A parish church in East Sussex – located next to the ruins of King Harold’s Saxon Manor, mentioned in the Domesday Book – has joined the Prayer Book Society in a bid to strengthen its campaign promoting wider use of the Book of Common Prayer (BCP) by young people as...

Are you a Lucky Dipper

A Short Devotion

Are You a Lucky Dipper?

Do you read the bible methodically or are you a lucky dipper?  To be more explicit, do you start at the beginning of a book and work your way through, or do you merely open the bible and let your eyes alight upon the first thing you see and that is God’s word for you for the moment?  

In my 25+ years of experience in ministry, it is my observation that if people read the bible at all that most are lucky dippers.  I confess that I didn’t invent that term, rather I picked it up from an old friend who is now with the Lord.

You couldn’t meet John for more than 5 minutes without him telling you about his faith.  His age and demeanour gave him instant credibility.  He was one of those people that you felt you should trust.  Hedge funds could’ve made a fortune with him as their spokesman.  He oozed trustworthiness.

John had retired as the personnel manager (long before people were “human resources”) from one of the area’s biggest companies.  By his own admission, he had struggled with an alcohol problem for many years, but you would’ve never suspected.   When John came to have a living faith in Jesus, he had a desire to know more about God and so he started trying to read the bible on a consistent basis.  

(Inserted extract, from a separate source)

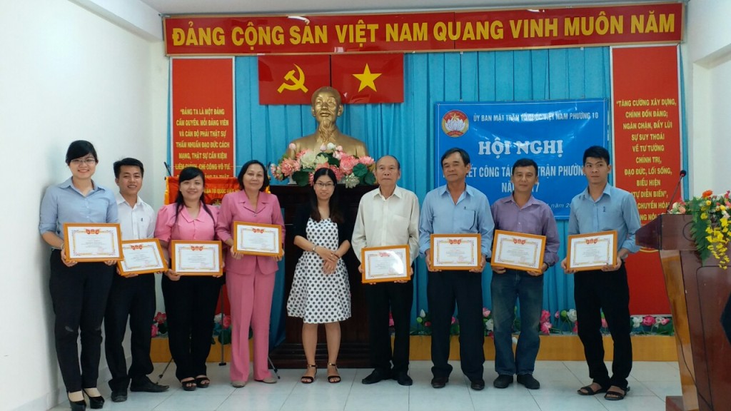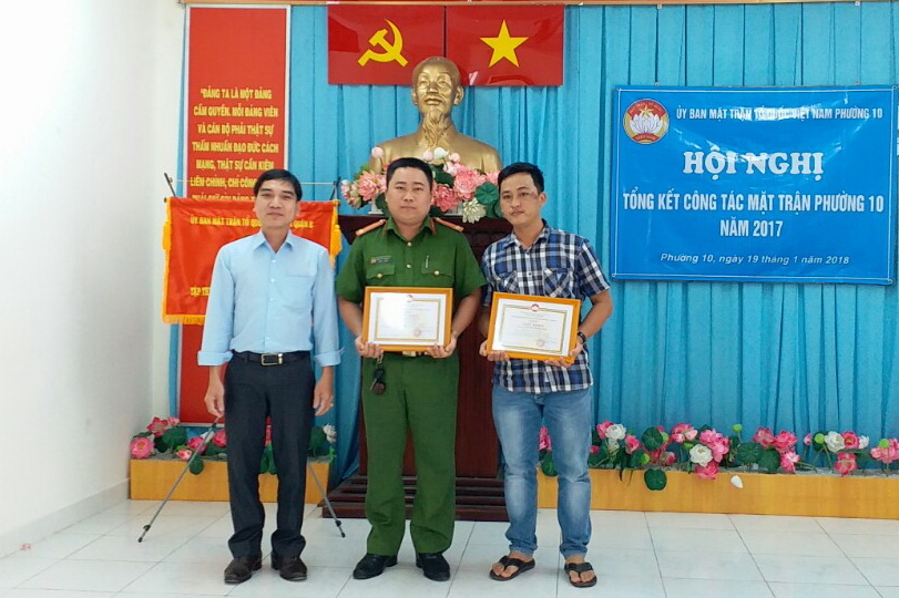 Tại Hội nghị Ủy ban Mặt trận Tổ quốc Việt Nam Phường 10 đã khen thưởng 09 tập thể và 08 cá nhân có thành tích tốt trong công tác phối hợp thực hiện nhiệm vụ của Mặt trận năm 2017./.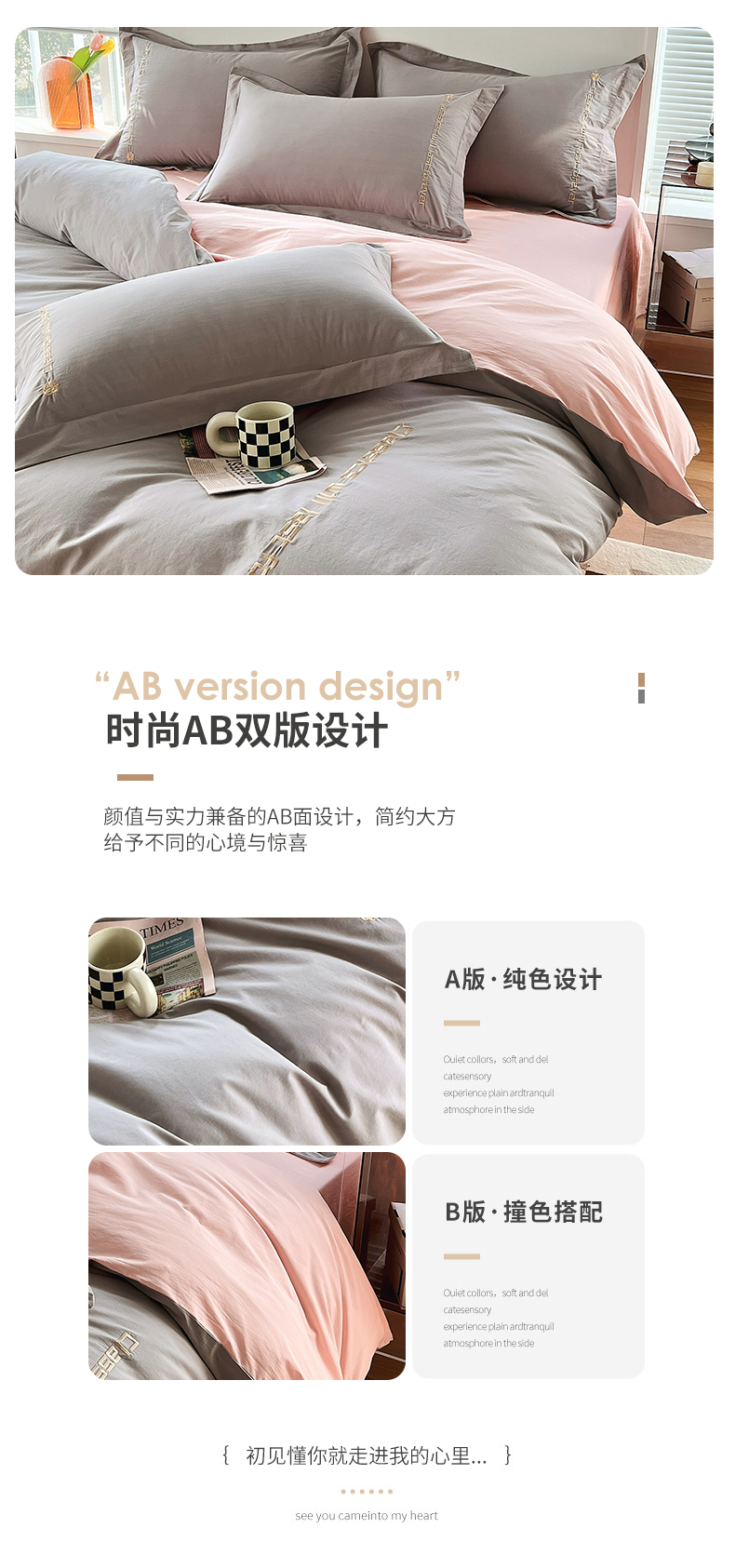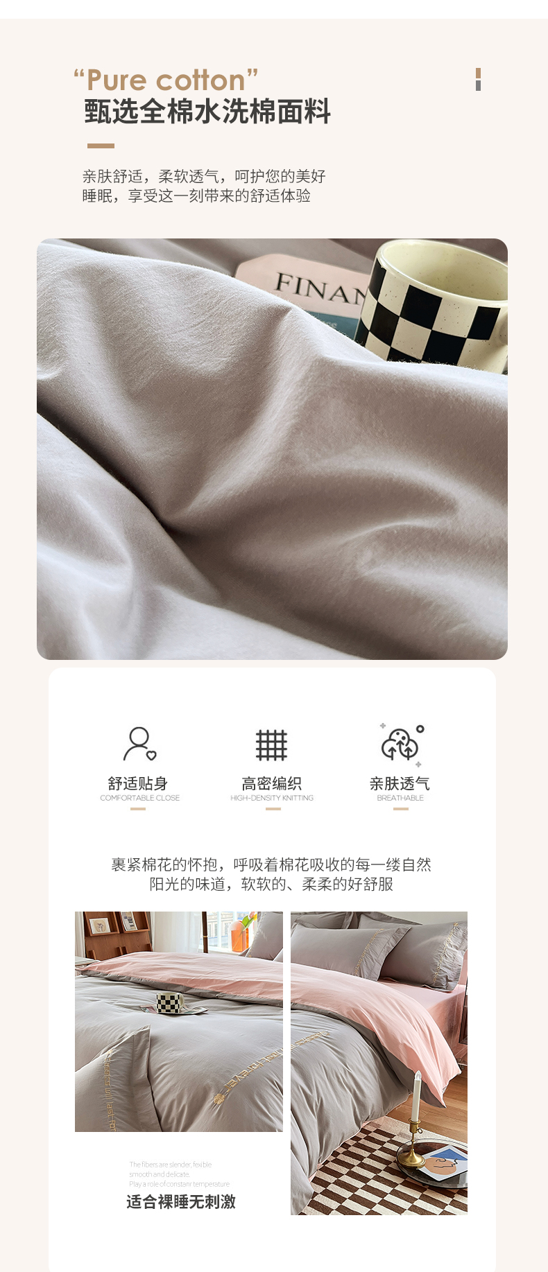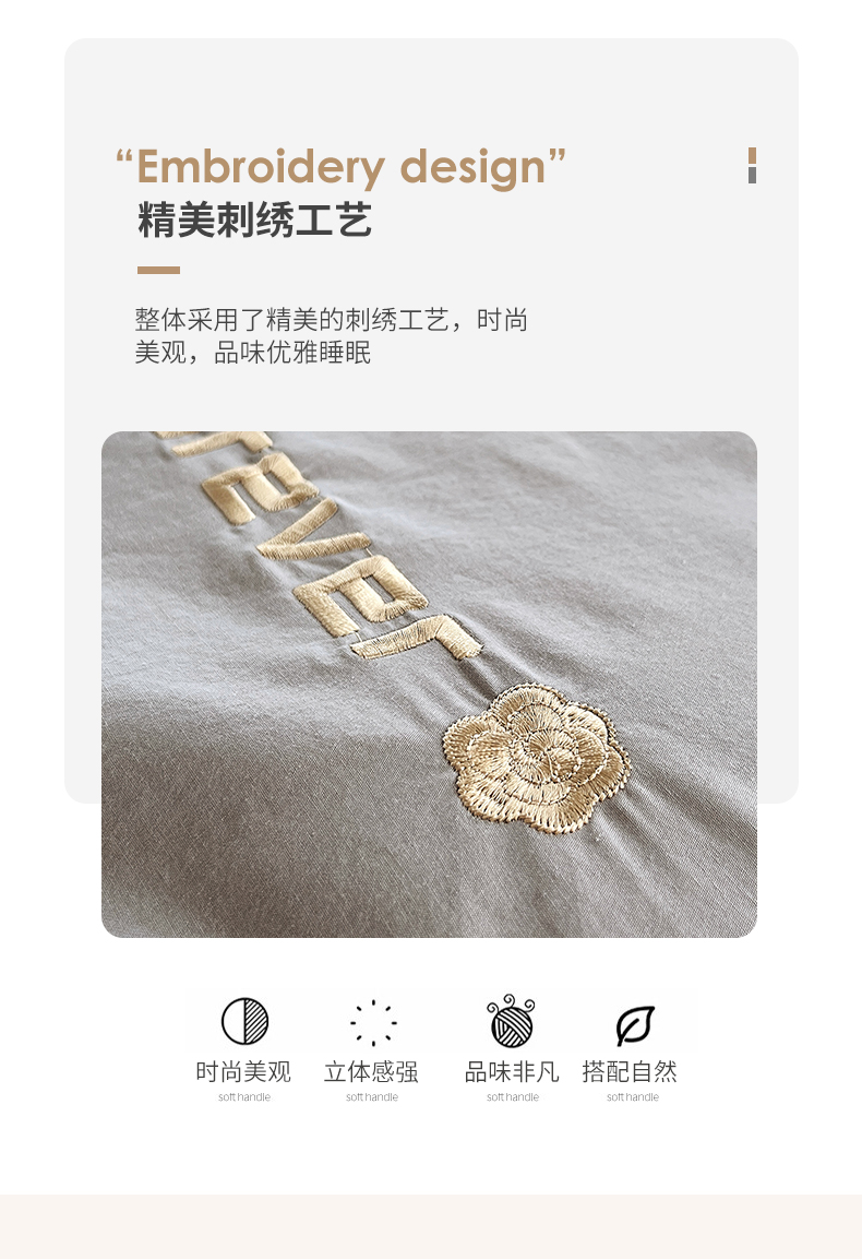 商品名称:拼社家纺 2026新款A类色织全棉水洗棉四件套纯棉四件套刺绣床上用品-漫系列 迷雾灰+玫瑰粉

As a new Christian, his reasoning about studying the bible was simple.  It was all the word of God so it all must be for you on any given day.  So, every morning John would sit down for his quiet time.  He would say a short prayer, then close his eyes with his bible in hand and flip through the pages before putting his finger somewhere on a page to find his lesson for the day.  He never shared with me what had broken him of this approach, but it rattled him.  Couldn’t help but wonder if he’d landed on something like Ezekiel 16:17, 23:19-20, or 2nd Kings 18:27.  Nevertheless, he soon saw the wisdom of a different, more methodical way of studying the bible and became well versed. He always had an answer for why he believed, and his living hope radiated from his presence.

So how should we study the bible?  All of it is good…but start at the beginning, not in the middle…whether it be of Genesis or in reading the entire bible.  If a book, read through to the end before trying to dig in.  Notice to whom it is addressed.  Determine the context in which it is written.   There is benefit in reading any book of the bible but the OT historical books, the four Gospels and the Acts of the Apostles are generally written to everyone, whilst the Psalms, prophetic books, and apostolic letters are written specifically to the people of God.  They won’t make much sense to non-Christians because the things they address are spiritually discerned and those without the Spirit of God cannot understand their importance.  

Just remember the Apostle Paul’s words in 2nd Timothy 3:16 & 17: “All scripture is given by inspiration of God, and is profitable for doctrine, for reproof, for correction, for instruction in righteousness: that the man of God may be perfect, thoroughly furnished  unto all good works.”